§ **Source data**:
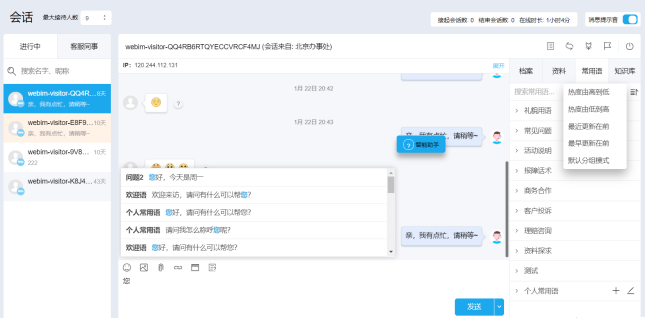 常用语指客服回答访客问题时经常用到的常用话术集。常用语支持智能匹配和智能排序功能,支持根据客服输入内容智能匹配内容,并根据根据使用频率(热度)、更新时间排序,减少客服输入,提高服务效率。
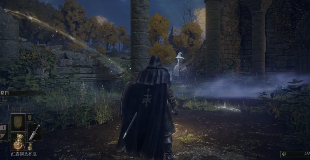 DLC流程分三阶段:进入幽影地至米凯拉碎环前,完成弗雷对话并探索塔之镇,击败神兽舞狮获取民宅祭坛关键道具;碎环后至幽影城保存库前,推进恩希斯城并迎战双月骑士;最终击杀梅瑟莫触发结局分歧。此间落叶丹恩支线需通过切磋姿势触发战斗,最终在劳赫遗迹获取拳套,而龙女巫芙柔桑克斯支线需在尖刺山交付休里耶毒药以改变结局。
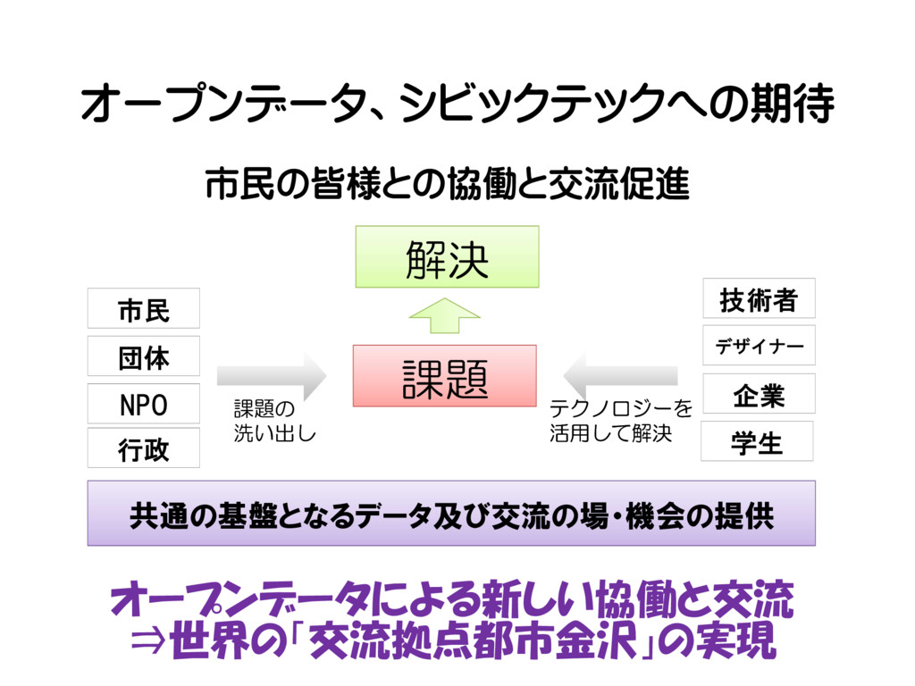 洗い出し 課題の 洗い出し テクノロジーを 活用して解決 テクノロジーを 活用して解決 行政 学生 共通の基盤となるデータ及び交流の場・機会の提供 オープンデータによる新しい協働と交流 ⇒世界の「交流拠点都市金沢」の実現 市民の皆様との協働と交流促進
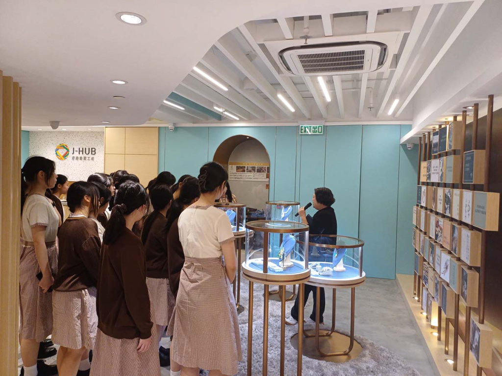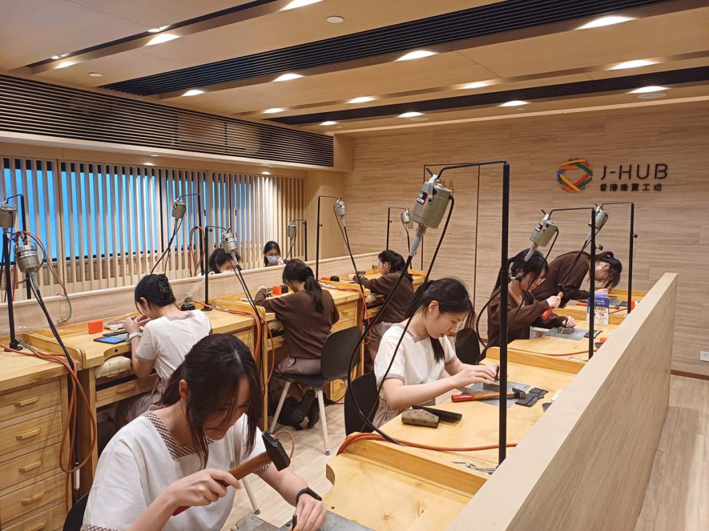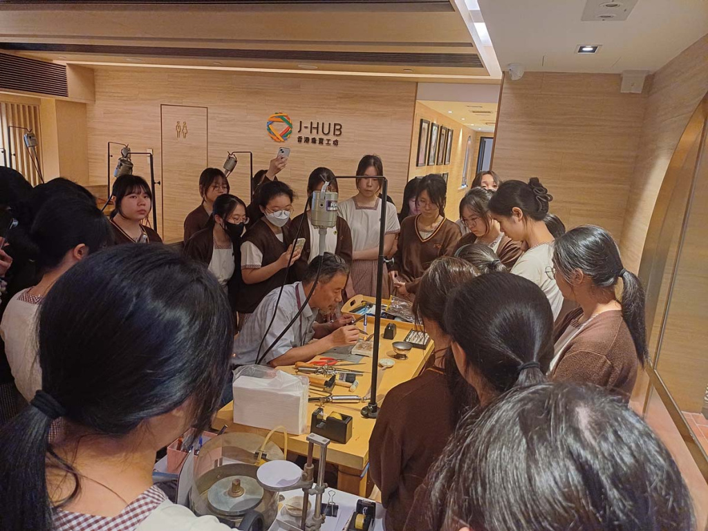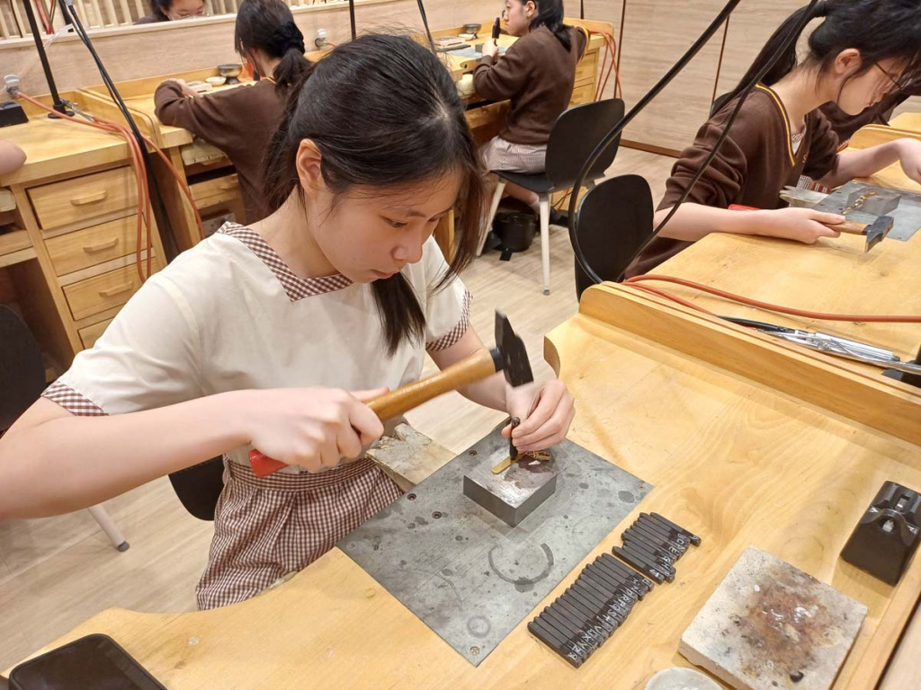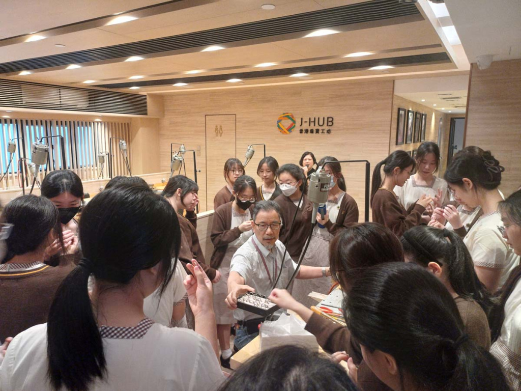 沙田官立中學師生於 4 月 9 日到訪香港珠寶工坊(J-HUB)參與生涯規劃活動。當日邀請到權興珠寶創辦人羅沛權師傅親自示範金工技藝,展示戒指製作的精湛工序;同時由資深珠寶設計師Kimberly Kwok分享珠寶設計的職涯路向,並展示不同階段的設計過程,手稿與作品集。學生更走進工藝室,親手刻製專屬姓名銅牌,沉浸式體驗金工創作樂趣。透過此次互動交流,同學不僅加深對珠寶產業的認識,更激發了對傳統工藝的興趣,為未來升學與職業規劃提供寶貴參考。

§ **Problem description**: Begin at the line containing "DLC流程分三阶段:进入幽影" and copy every line through the end of the data above exactly, omitting the pictures.

§ **Response box**:
 DLC流程分三阶段:进入幽影地至米凯拉碎环前,完成弗雷对话并探索塔之镇,击败神兽舞狮获取民宅祭坛关键道具;碎环后至幽影城保存库前,推进恩希斯城并迎战双月骑士;最终击杀梅瑟莫触发结局分歧。此间落叶丹恩支线需通过切磋姿势触发战斗,最终在劳赫遗迹获取拳套,而龙女巫芙柔桑克斯支线需在尖刺山交付休里耶毒药以改变结局。
 洗い出し 課題の 洗い出し テクノロジーを 活用して解決 テクノロジーを 活用して解決 行政 学生 共通の基盤となるデータ及び交流の場・機会の提供 オープンデータによる新しい協働と交流 ⇒世界の「交流拠点都市金沢」の実現 市民の皆様との協働と交流促進
 沙田官立中學師生於 4 月 9 日到訪香港珠寶工坊(J-HUB)參與生涯規劃活動。當日邀請到權興珠寶創辦人羅沛權師傅親自示範金工技藝,展示戒指製作的精湛工序;同時由資深珠寶設計師Kimberly Kwok分享珠寶設計的職涯路向,並展示不同階段的設計過程,手稿與作品集。學生更走進工藝室,親手刻製專屬姓名銅牌,沉浸式體驗金工創作樂趣。透過此次互動交流,同學不僅加深對珠寶產業的認識,更激發了對傳統工藝的興趣,為未來升學與職業規劃提供寶貴參考。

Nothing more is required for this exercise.